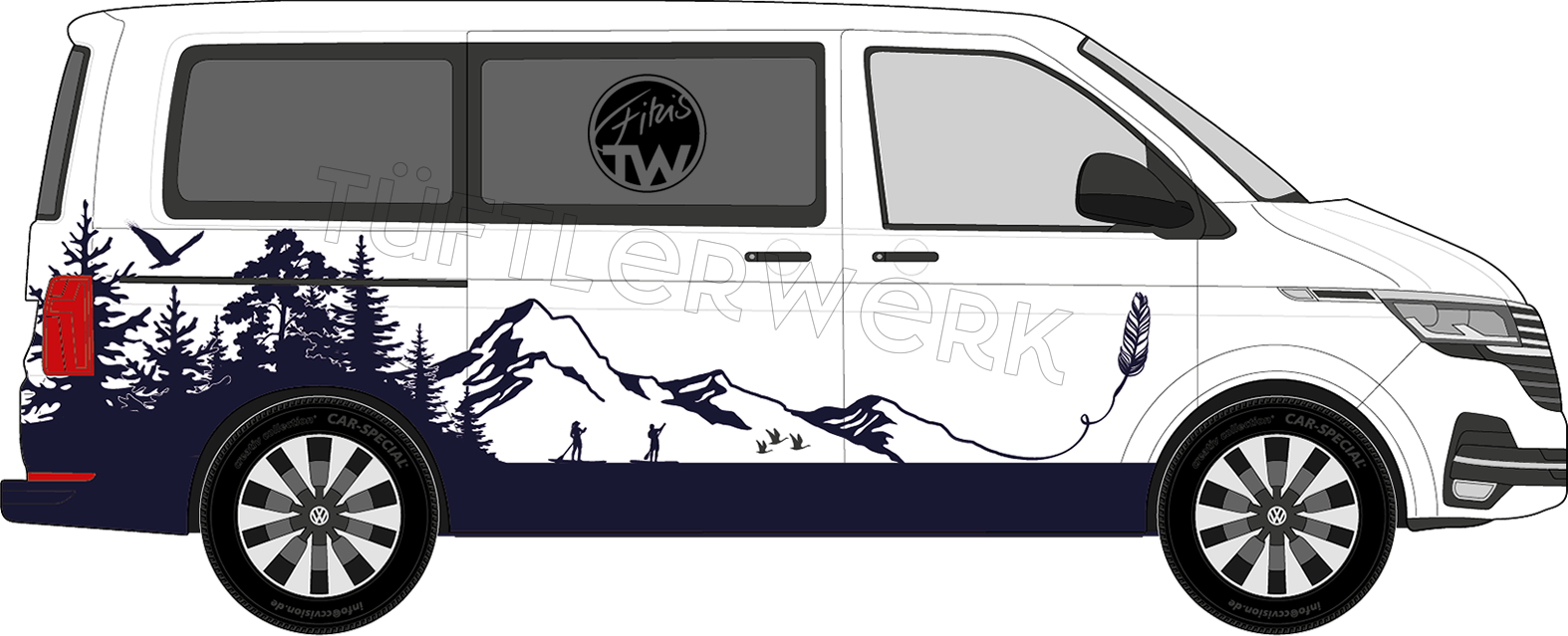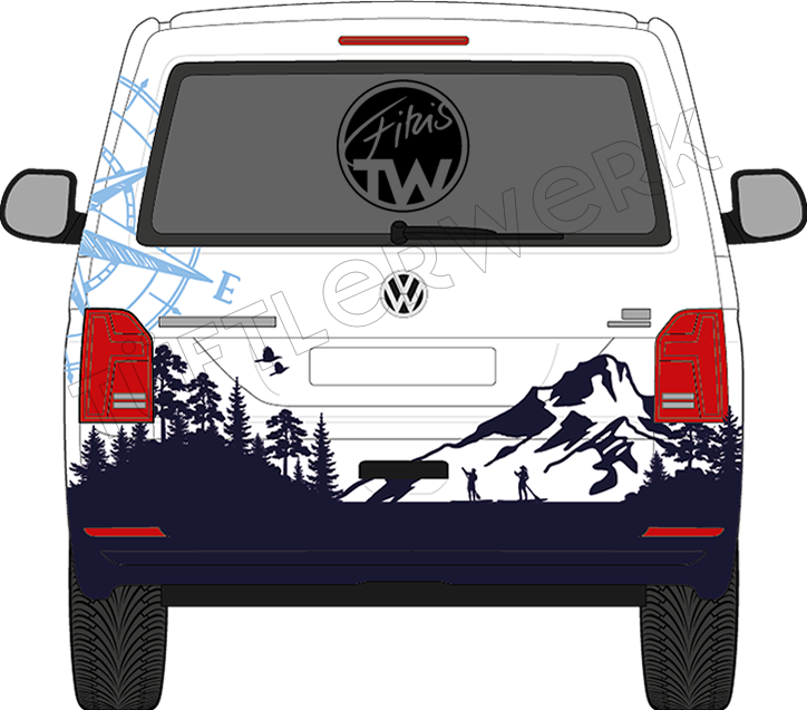 Die Feder zeichnet die Bergsilhouette auf den Camper. Der Kompass ist in die Landschaft integriert und auf dem See gehen Sie Ihrem Lieblingssport nach.
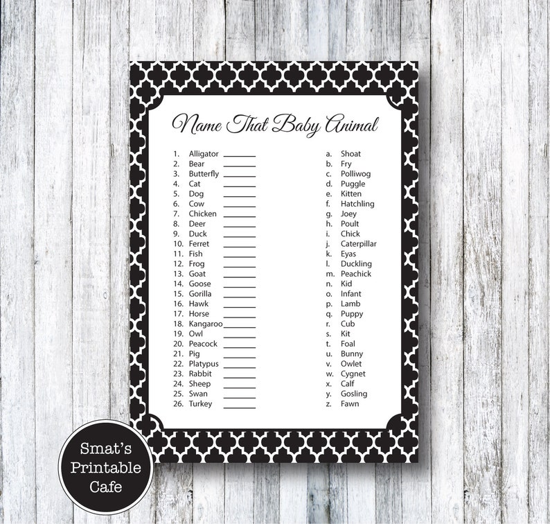 Black White Quatrefoil Baby Shower Baby Animal Name Game Quiz Printable Instant Download Baby Shower Games Neutral Baby Shower
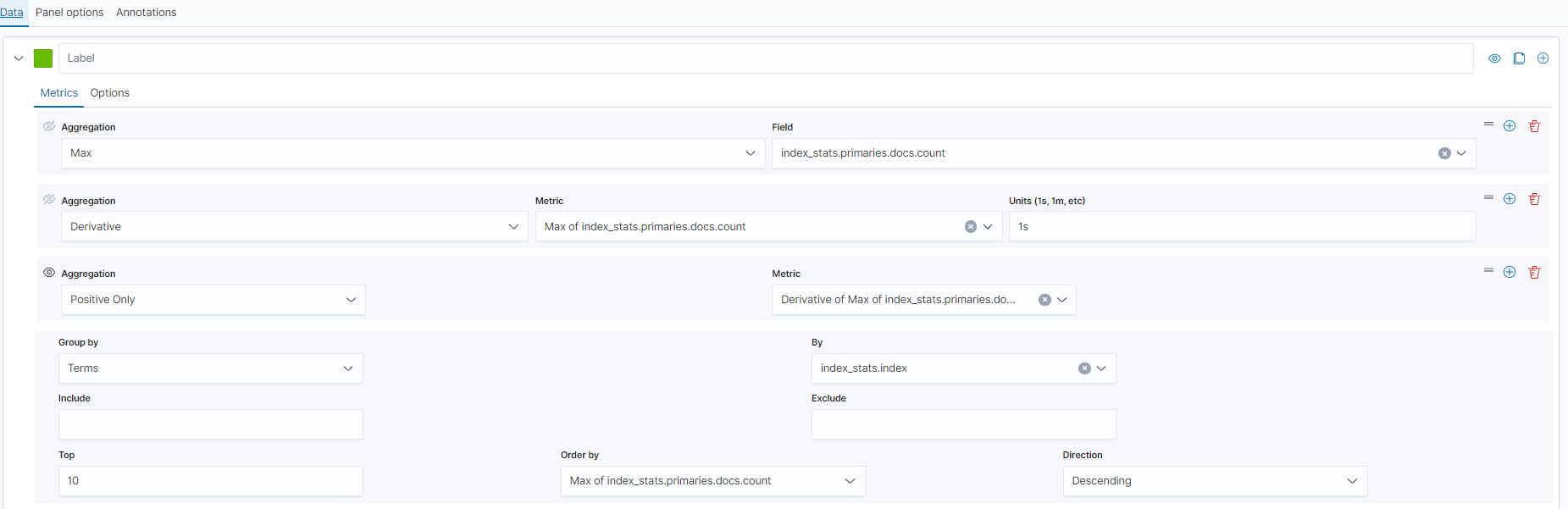 - Select Max for Aggregation, and select index_stats.primaries.docs.count in Field, indicating the number of documents in a primary shard.
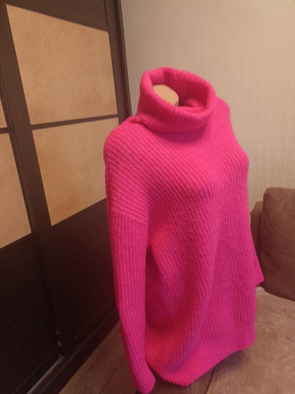 насыщенная малина, теплый, не толстый,гарное качество, размер на бирке s, но можно до3хл
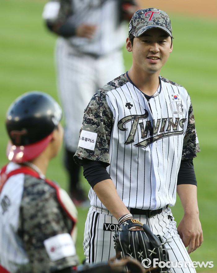 (서울=포커스뉴스) 26일 서울 잠실구장에서 열린 2016 프로야구 넥센-LG 경기 8회초 2사 2루에서 구원 등판한 LG 투수 진해수가 넥센 대타 대니 돈을 삼진아웃 시키고 밝은 표정으로 포수 박재욱과덕아웃으로 향하고 있다.
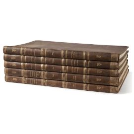 FIRST EDITION in five volumes which include the Geographical Atlas in two volumes with 129 engraved maps and plans, and the Illustrative Atlas in 3 volumes with 268 magnificent engraved views. The large map of Italy in 15 sheets, two maps and a plate from the Illustrative Atlas are missing. Translation of description and condition report upon request.
────────────────────
## [PROBLEM DETAILS]
Give back the material word for word and drop the pictures it holds.

## [RESULT OF THIS TASK]
 Die Feder zeichnet die Bergsilhouette auf den Camper. Der Kompass ist in die Landschaft integriert und auf dem See gehen Sie Ihrem Lieblingssport nach.
 Black White Quatrefoil Baby Shower Baby Animal Name Game Quiz Printable Instant Download Baby Shower Games Neutral Baby Shower
 - Select Max for Aggregation, and select index_stats.primaries.docs.count in Field, indicating the number of documents in a primary shard.
 насыщенная малина, теплый, не толстый,гарное качество, размер на бирке s, но можно до3хл
 (서울=포커스뉴스) 26일 서울 잠실구장에서 열린 2016 프로야구 넥센-LG 경기 8회초 2사 2루에서 구원 등판한 LG 투수 진해수가 넥센 대타 대니 돈을 삼진아웃 시키고 밝은 표정으로 포수 박재욱과덕아웃으로 향하고 있다.
 FIRST EDITION in five volumes which include the Geographical Atlas in two volumes with 129 engraved maps and plans, and the Illustrative Atlas in 3 volumes with 268 magnificent engraved views. The large map of Italy in 15 sheets, two maps and a plate from the Illustrative Atlas are missing. Translation of description and condition report upon request.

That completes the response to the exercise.